We went through a few.

7-11 was visited and somewhat naughty snackfoods stocked up on. We felt like kids in a boarding school breaking the rules, but what the hey. Several days of nothing but cow pat guy gets to everyone after a while.

On Tuesday I finally managed to get bitten by a tiger. OK, it barely scratched me, but it drew blood (not enough to drip but it took enough layers off for blood to show). And it did so with its teeth. So I was bitten by a tiger and have a mild skin abrasion to show for it. Leo has a big hole in his jeans were another of the cubs took a nibble down near his shin.

I also got some fantastic photos of the cubs lost in the upper reaches of the canyon. One of the staff is mental – moreso than most – and teased them into following him up a steep incline. Two of them then did the stereotypical cat thing and realised they could no longer get down. While I was taking pictures, I kept hearing cries of “watch out!” and looking back down the slope to see a cub bounding at me before pouncing on my ankle and gnawing it through my jeans.

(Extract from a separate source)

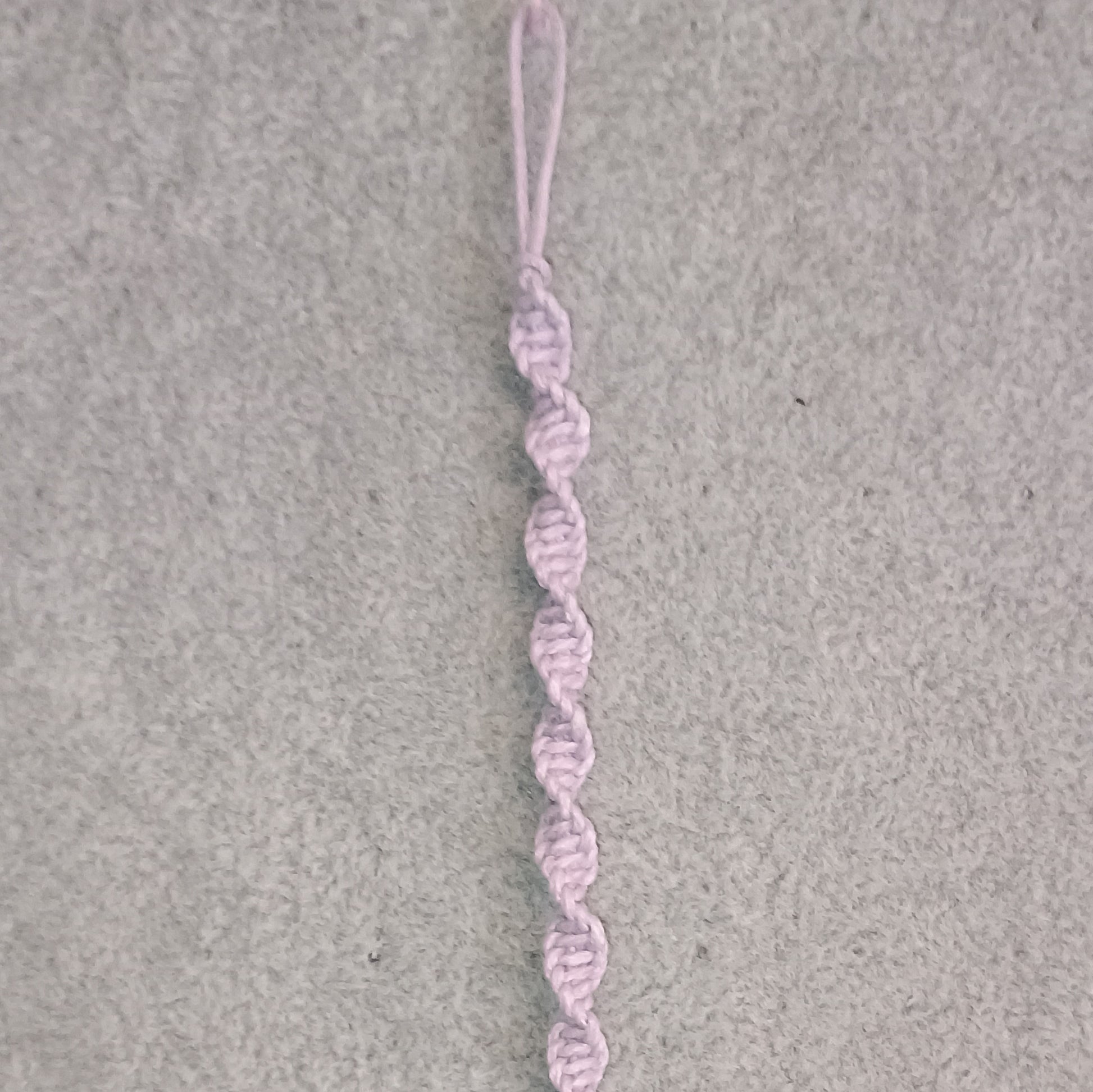 Fliederfarbenes Armband mit Wellenmuster. Lässt sich durch einen Schlaufenverschluss zum Knoten in verschiedene Größen einstellen. Ungefähre Größenangabe zwischen 16 und 22 cm.
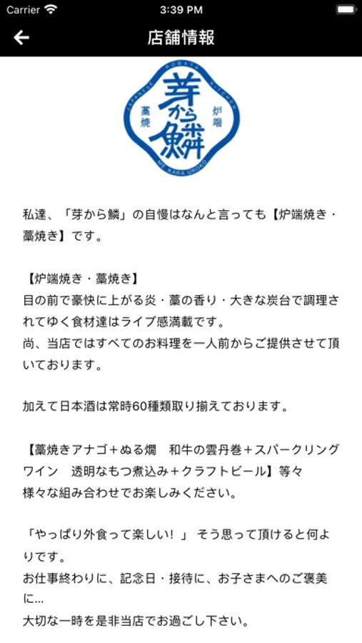 店舗のマップが表示され、地図アプリとも連携しているので、初めてのご来店の時も簡単に見つける事が出来ます。

Now I know why they insisted on long trousers for working with the tigers. Especially useful as this happened three times.

I can’t thank the staff there enough for allowing me to spend what little time I did. Sure, a couple of hundred people a day walk through and touch the tigers, but only a handful a year get to wash them, feed them and share breakfast with the monks. It was very much an honour and a memory I will never lose.

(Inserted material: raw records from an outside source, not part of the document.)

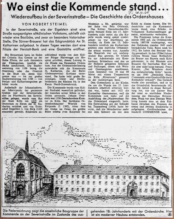 Die Deutschordenskommende St. Katharina wurde nach einem Schreiben des Rates an den Papst im Jahre 1219 ein unmittelbar vor der alten Johannispforte am Schnittpunkt des alten Wallgrabens und der Severinstraße erbautes Oratorium durch den Erzbischof Engelbert I. von Berg zu Ehren der h. Katharina geweiht und anschließend an das Bethaus von dem Kölner Bürger Heinrich Halverogge für den Ordensdienst ein Hospital errichtet.
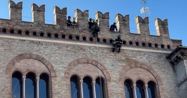 Tutti con il naso all'insù in piazza Garibaldi per la spettacolare esercitazione dei vigili del fuoco sul palazzo municipale. Ecco il video con una delle fasi dell'esercitazione.
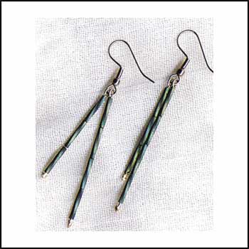 Two bars of matte green glass twist bugle beads are suspended from a surgical steel French wire earring. In stocks ships in 1-3 days.
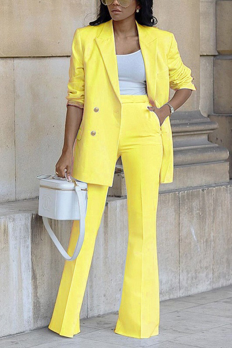 Solid Lapel Collar Flap Detail Blazer & Pants Set

Now to change the subject and on to my current problems…

First up, the Post Office managed to lose the only copy of the Power of Attorney my mother needs to sign to be able to handle the house sale (and other things) in my absence. The only way to replace it is to have me sign another copy… For which I need an address for the solicitor to send it to. The closest I have is Joy and Nacho in Bangkok, so it looks like I’ll be here until that piece of mail appears.

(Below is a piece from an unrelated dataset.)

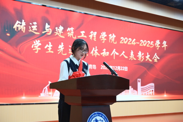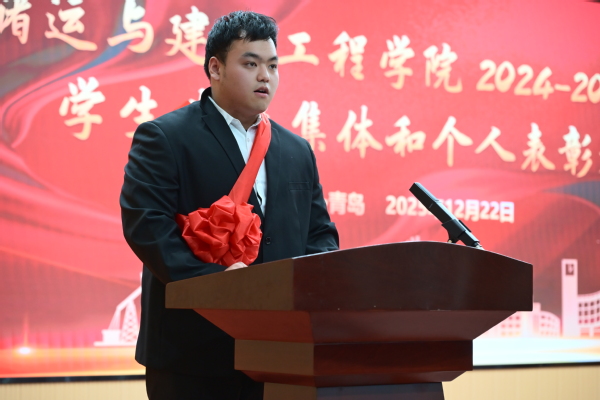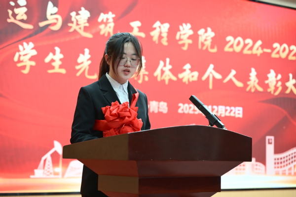 颁奖结束后,获奖代表依次发言分享成长感悟。优良学风标兵班代表、力学2301班长李倬勰讲述班级通过思想引领、全员互助体系建设,实现班级及格率、优良率双提升,班级成员共同进步、全面成长的奋斗历程;国家奖学金获得者、储运2303班黄怡然分享了自己深耕专业知识、投身科研创新,连续两年斩获专业第一的奋斗故事,生动诠释了“奋斗是青春最亮丽底色”;胜利监理组织能力奖学金获得者、建环2301班隋瑞琦聚焦第二课堂实践,分享了自己从盲目参与到独立策划,在学生工作、学科竞赛、志愿服务中锤炼统筹协调能力的蜕变,向学子们传递“知行合一”的成长理念;陈财君就业奖获得者、土木2202班王添正结合企业实习经历,分享了自己从忽视就业规划到主动对接行业的认知转变,呼吁同学们以实践为基,提前锚定职业方向。

Secondly, 5 days after booking I was informed that the hotel I was staying at in Chaing Mai is fully booked and there were no alternatives. This from an agency that’s meant to get back to me within 48 hours with my booking status. I tried another which (after returning to Bangkok) I was told was also full, though at least that reply was well within half a day. I have, however, booked into the alternative offered to that one subject to my card being accepted. The downside is it doesn’t seem as nice a place as my original and it’s almost twice the price (but still very reasonable). Given that it’s Songkran next week, the hotels are busy so I guess it was expected. Essentially, Songkran is Thai new year, and it lasts 3 days – 13th to 15th of April. The 15th is when everyone heads home to celebrate and Bangkok empties! That’ll make for a fun time here when my flight lands as I’m heading to Bangkok on the Saturday.

Thirdly, Lou’s having problems with her New Zealand work permit. It was meant to be sorted ages ago, but the agency have lost her paperwork twice. They’ve now been faxed it for the third time by one of her colleagues back in Blighty but she’s been warned that registration can take up to four months… so she may have to go home to work. Whether this would mean ending her trip altogether, or flying back out I don’t know.

Fourthly, Student Loans have done their sums wrong and reckon I have to start paying them back each month. This is nigh on impossible to sort out from here as they will not communicate by email, only by phone or letter. How convenient. For them.

*sigh*

So, I’m back at Big John’s on Thonglor Soi 9 using the free wireless broadband and sorting things a lot quicker than I could at the temple. I’m also getting a little head cold and the lack of sleep wasn’t helping.

I’m enjoying Thailand quite a bit and I’m getting tempted to use up my whole 2 months’ visa allowance. Kho Samui is tempting as is Phuket, which has a small island called Koh Ping-Gan off its shore. Most will recognise it as the lair of Scaramanga – the Man With The Golden Gun from the Bond film of the same name.

Effectively, I have a month to play with (my visa expires on May 13th) so we shall see. I’ve pretty much resigned myself to having to organise another Vietnamese visa anyway. Time to start pricing up hostels and flights!